Contrastive and reinforcement learning: Exploring contrastive learning or reinforcement learning algorithms may help models better learn and reason about visual patterns.
Integrating perception and reasoning: When tasks require complex spatial layouts and relational reasoning, textual information alone may be insufficient. Investigating better integration of visual cues and text could yield improvements.
Prompt structure optimization: Given VLM sensitivity to prompt design, further work on structured and robust prompting could raise performance on visual reasoning tasks.
Uncertainty calibration: Models often produce confident answers even when uncertain.

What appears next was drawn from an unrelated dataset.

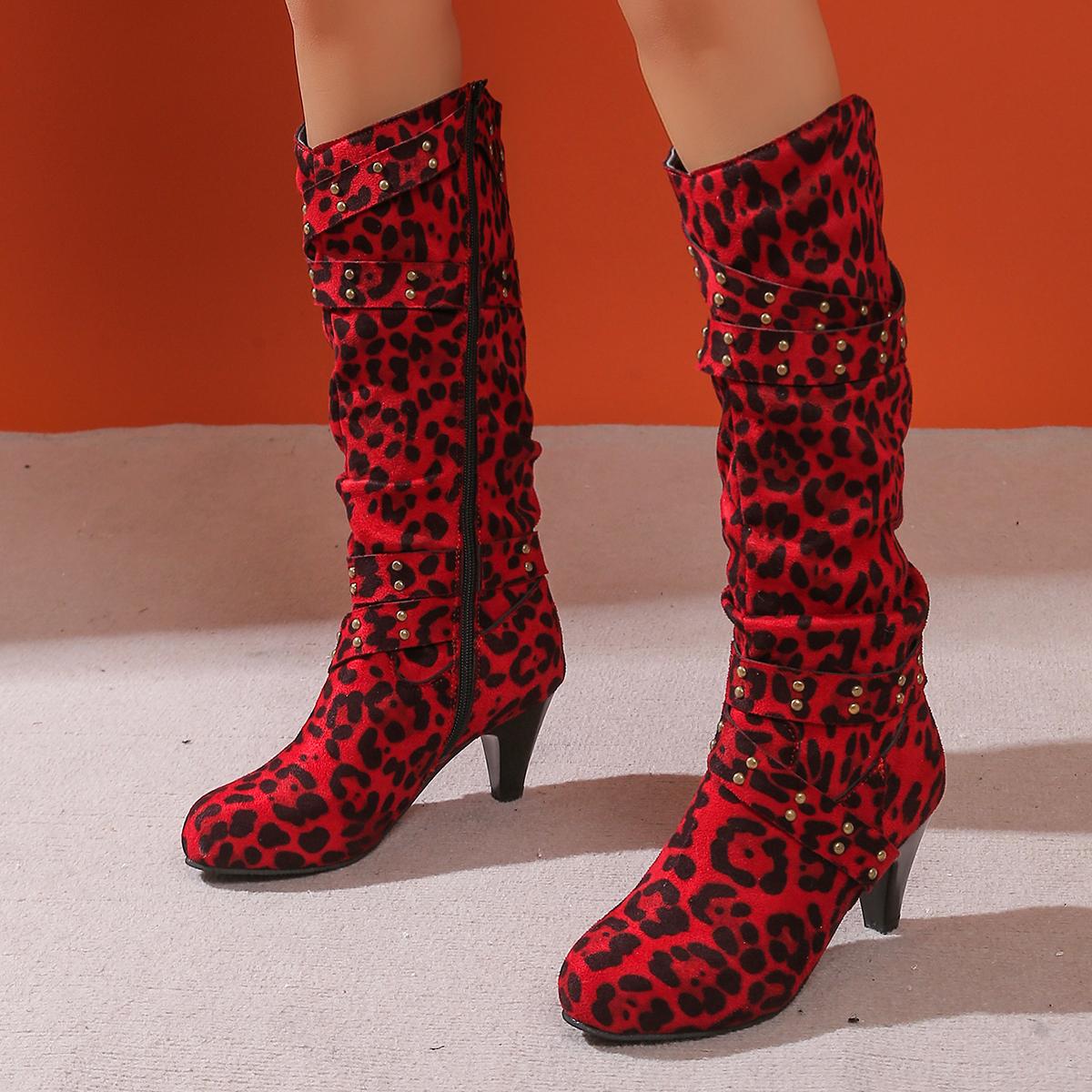 Сапоги женские осенне-зимние новые большие окружности трубы толстый низ но колено прямые трубы тонкие сзади молния высокие сапоги 38 красный

Improving calibration so models express uncertainty more accurately is a potential direction.
Generalization: RPM tasks require strong generalization. Future research should explore improving few-shot generalization for visual deductive tasks.
Explainability: Models sometimes produce incorrect explanations. Enhancing explanation quality and alignment with visual cues is an open area.

Summary

This paper evaluates VLMs on RPM-style visual deductive reasoning and identifies key limitations. While VLMs have advanced on many vision-language tasks, they remain substantially behind human-level performance on abstract visual reasoning that requires perception of multiple interacting patterns. The study decomposes VLM capabilities into perception, deductive reasoning, and hypothesis verification, showing perception as the dominant bottleneck. The authors test common LLM strategies and provide analyses and suggestions for future work, including data diversification, learning algorithm advances, better integration of vision and language, prompt design, uncertainty calibration, and explainability improvements.